Na, Bursche, dir bleib’ ich auf den Fersen, dachte der junge Mediziner, wenn du hier nächtens durch die Gegend schleichst – dann willst’ bestimmt irgendeinen Schabernack aushecken!
*
Der Brandhuber war an einer großen Wiese angekommen, die bis an den Berghang heranreichte. Unmengen von Blumen und Wildkräutern wuchsen auf ihr. Bärlauch und Enzian, Rittersporn und Fingergut, Ringelblumen. Loisl hüpfte von einer Stelle zur anderen, pflückte Pflanze um Pflanze und gab dabei ein beschwörend klingendes Gemurmel von sich.
Toni Wiesinger hatte sich hinter den Pfosten eines Weidezaunes gedrückt, der einen Teil der Wiese begrenzte. Zuerst konnte er gar nicht verstehen, was der Alte da vor ihm tat, doch dann dämmerte es ihm allmählich, und er wußte nicht, ob er lachen oder sich ärgern sollte. Schließlich war das, was Loisl da machte, auch gegen ihn, den Mediziner, gerichtet. In erster Linie sogar.
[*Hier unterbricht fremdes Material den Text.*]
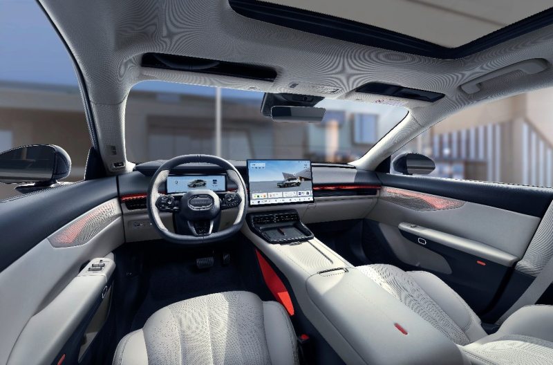 座舱宽敞舒适,给每一位乘客带来舒适轻松的轻盈与惬意感。车门设计上,所有体积和线条元素均远离驾乘者布置,营造出开阔的空间感,并通过流畅的曲线与仪表板无缝衔接。翼形凹面仪表板同样整体向外推移,增加了车内的前向空间。车门扶手则采用悬浮式设计,并增加了储物格,方便放置物品,美观的同时也更为实用。
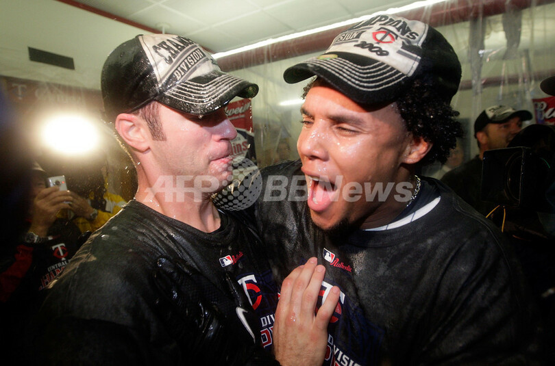 ツインズは、ア・リーグ地区シリーズで東地区を制したニューヨーク・ヤンキース(%%New York Yankees%%)と対戦する。同シリーズは7日、ヤンキースの本拠地ヤンキースタジアム(Yankee Stadium)で開幕を迎える。写真は地区優勝を決め、ロッカールームでシャンパンをかけ合うツインズのカルロス・ゴメス(%%Carlos Gomez%%、右)とジョー・モウアー(%%Joe Mauer%%)。(2009年10月6日撮影)(c)AFP/Getty Images/Jamie Squire
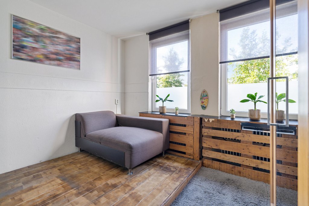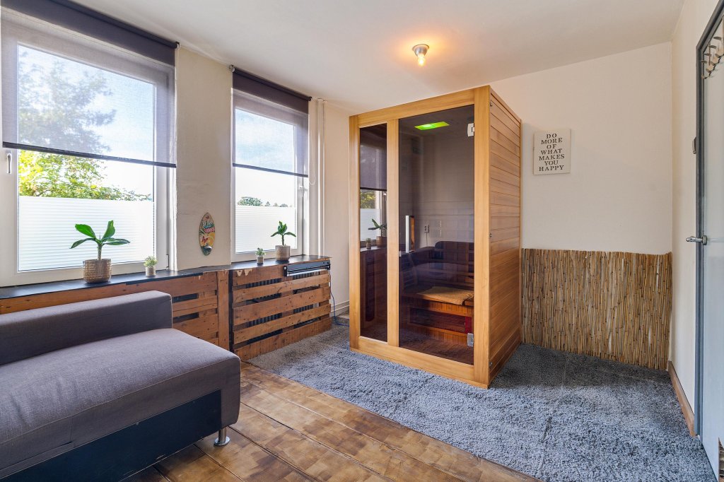 Daarnaast is er nog een extra ruimte, afgewerkt met deels vloerbedekking en deels houten plinten, die toegang biedt tot een ruimte met infraroodsauna.
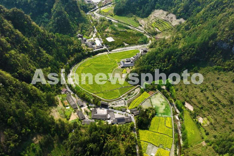 图片说明:2025年4月10日,重庆市黔江区小南海镇新建村土家十三寨的油菜花田与民居相间,美不胜收。
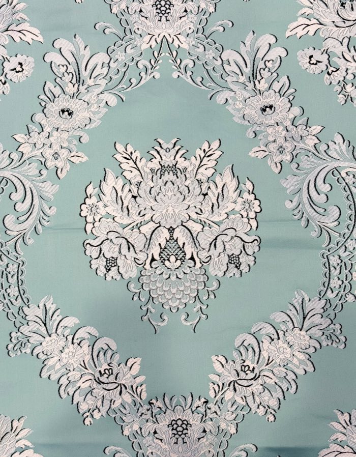 Corte de tela de valenciana de 5,5 metros con fondo de color verde agua y colorido T54952
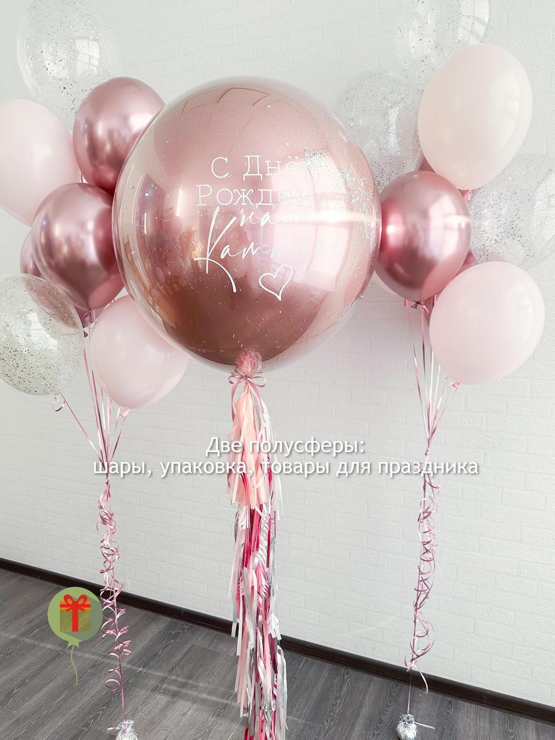 Большой шар дабл бабл 60 см с пушистым хвостом и надписью, 2 фонтана по 3 шара пастель, 3 шара хром и 3 шара с конфетти 35 см, грузики, пакеты. Грузики и пакеты включены в стоимость.
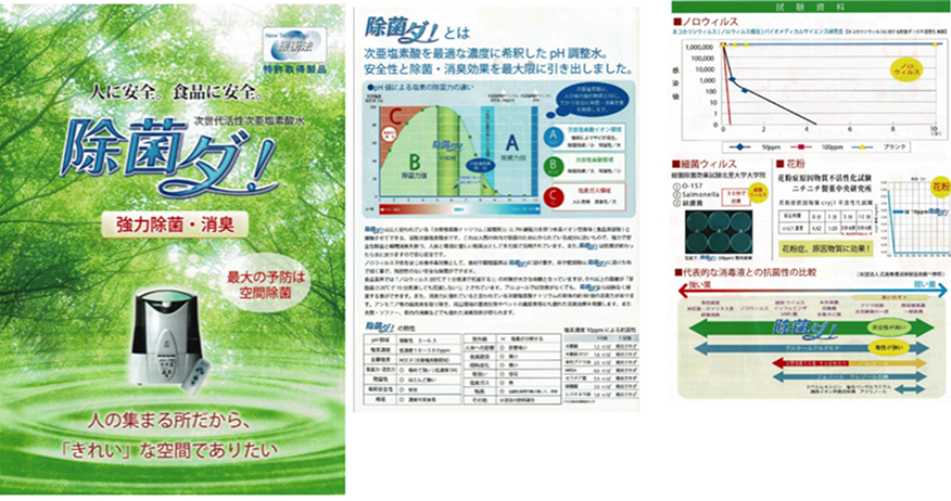 感染症等への対策として、飲用証明を取得した人体に無害な次亜塩素酸水「除菌ダ!」を使用し日々のお子様の健康と安全の確保に努めております。

Nach einer guten Weile hatte der Wunderheiler offenbar seinen Korb gefüllt, denn er reckte und streckte sich, um seinen, vom vielen Bücken angestrengten Rücken zu entspannen. Dann jedoch machte er sich nicht auf den Heimweg, wie Toni annahm, sondern Loisl stellte den gefüllten Korb mitten auf der Wiese ab, so daß er vom vollen Licht des Mondes beschienen wurde, und tanzte dann einen sonderbaren Reigen um den Korb herum.